Effects of Mn addition on crystallization behavior and soft magnetic properties of Fe–Si–B–P–Cu nanocrystalline alloy

Insufficient glass forming ability and narrow annealing temperature window significantly restrict the development and application of Fe-based nanocrystalline soft magnetic alloys with high Fe content. In this work, (Fe 83.3 Si 4 B 8 P 4 Cu 0.7 ) 100-x Mn x (x = 0–7) alloys were designed and fabricated by melt-spinning, and the influences of Mn on glass forming ability, crystallization behavior and magnetic properties of this series of high Fe containing alloys have been systematically investigated. It is found that the fully amorphous structure can be obtained when Mn content is less than 7 at.%. The effective annealing temperature window could be broadened by Mn addition. It is also demonstrated that α-Fe grains could be refined by Mn doping, leading to the decrease in coercivity and the increase in permeability.
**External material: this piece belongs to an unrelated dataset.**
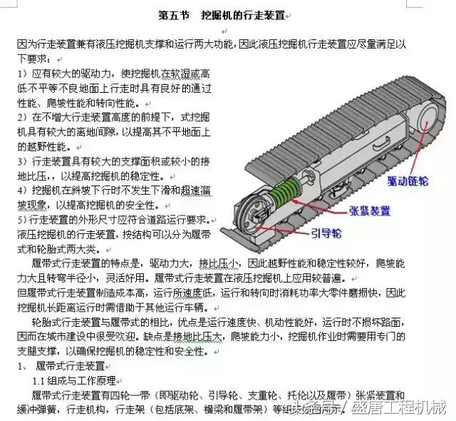 挖掘机运行时驱动轮在履带的紧边——驱动段及接地段产生一拉力,企图把履带从支重轮下拉出,由于支重轮下的履带与地面之间有足够的附着力。阻止履带的拉出。迫使驱动轮卷动履带,引导轮在把履带铺设在地面上,从而使挖掘机借助支重轮沿着履带轨道向前运行。

After annealing at 500 °C for 6 min, the (Fe 83.3 Si 4 B 8 P 4 Cu 0.7 ) 99 Mn 1 nanocrystalline alloy exhibits excellent comprehensive soft magnetic properties including high saturation magnetization of 1.6 T, low coercivity of 3.75 A/m and high permeability of 12,142. Moreover, a magnetic field annealing under a relatively low magnetic field intensity of 0.02 T would suppress the precipitation of α-Fe grain and relieve residual stress, thus resulting in better soft magnetic properties.